◆ **Work required**
For this exercise, copy the records below exactly and exclude every image.

-------

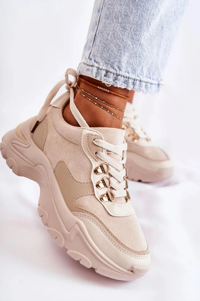 Modne sportowe buty damskie zostały wykonane z przyjemnego w dotyku eko zamszu oraz eko skóry. Cholewka do kostki. Model z wiązaniem, które pozwoli na odpowiednie dopasowanie obuwia do tęgości nogi. Buty osadzone na masywnym, płaskim obcasie oraz platformie. Sneakersy są wygodne w użytkowaniu, dzięki materiałowej wkładce, która jest dodatkowo wyciągana. Model z zaokrąglonym noskiem. Przy wyborze rozmiaru prosimy kierować się tabelą rozmiarów.
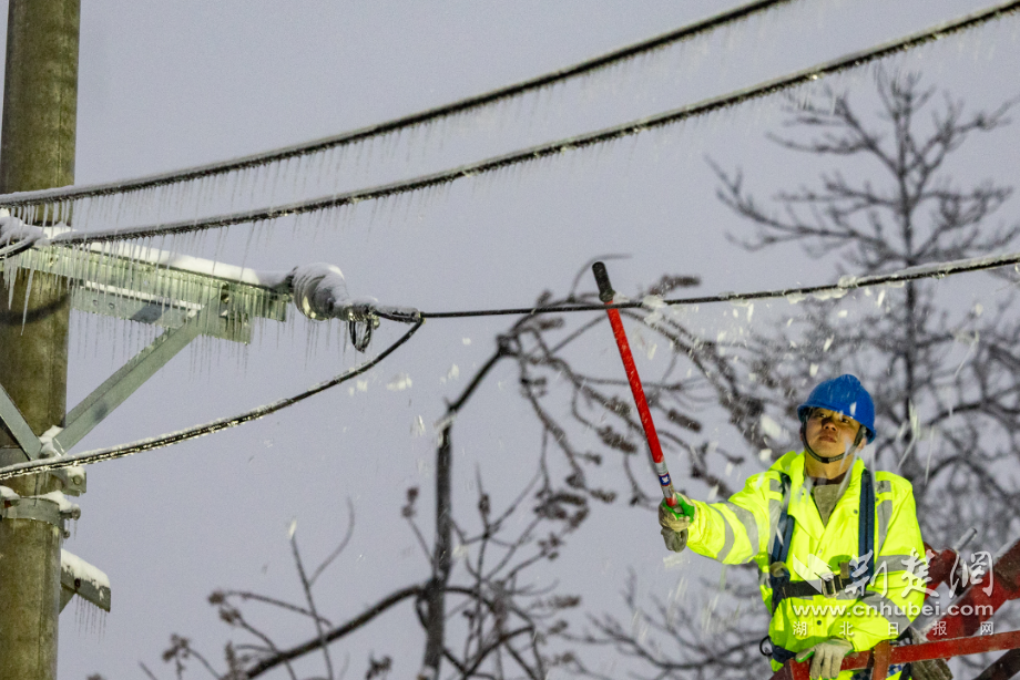 国网武汉供电公司员工对覆冰供电线路和设备进行除冰抢修。通讯员 供图
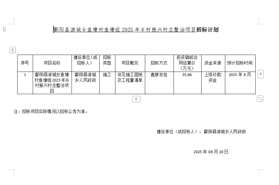 鄱阳县游城乡鱼塘村鱼塘组2025年乡村振兴村庄整治项目招标计划
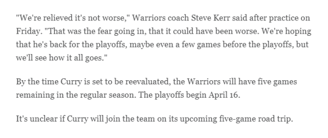“我们松了一口气,情况并没有变得更糟糕,”科尔在今天训练后的采访里说道,“那是一种恐惧感,因为它可能会更糟。我们希望他能回来打季后赛,甚至是季后赛开始前的几场比赛中复出。”目前,还不清楚库里是否会随队参加即将到来的五连客之旅。
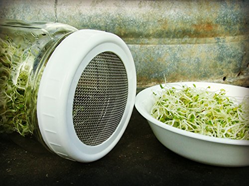 SPROUTING LID FOR MASON JARS 'THE ORIGINAL SPEED STRAINER LID'® (SET OF 8 WIDE MOUTH LIDS) FOR SPROUTS, SPROUTING, SIFTING, & STRAINING
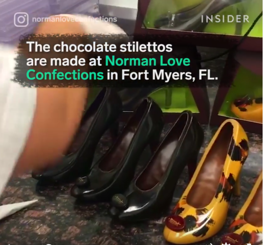 Chocolate stiletto shoes by Norman Love Confections — high-heeled shoes made entirely of chocolate with edible painted exteriors.

-------

◆ **Answer section**
 Modne sportowe buty damskie zostały wykonane z przyjemnego w dotyku eko zamszu oraz eko skóry. Cholewka do kostki. Model z wiązaniem, które pozwoli na odpowiednie dopasowanie obuwia do tęgości nogi. Buty osadzone na masywnym, płaskim obcasie oraz platformie. Sneakersy są wygodne w użytkowaniu, dzięki materiałowej wkładce, która jest dodatkowo wyciągana. Model z zaokrąglonym noskiem. Przy wyborze rozmiaru prosimy kierować się tabelą rozmiarów.
 国网武汉供电公司员工对覆冰供电线路和设备进行除冰抢修。通讯员 供图
 鄱阳县游城乡鱼塘村鱼塘组2025年乡村振兴村庄整治项目招标计划
“我们松了一口气,情况并没有变得更糟糕,”科尔在今天训练后的采访里说道,“那是一种恐惧感,因为它可能会更糟。我们希望他能回来打季后赛,甚至是季后赛开始前的几场比赛中复出。”目前,还不清楚库里是否会随队参加即将到来的五连客之旅。
 SPROUTING LID FOR MASON JARS 'THE ORIGINAL SPEED STRAINER LID'® (SET OF 8 WIDE MOUTH LIDS) FOR SPROUTS, SPROUTING, SIFTING, & STRAINING
 Chocolate stiletto shoes by Norman Love Confections — high-heeled shoes made entirely of chocolate with edible painted exteriors.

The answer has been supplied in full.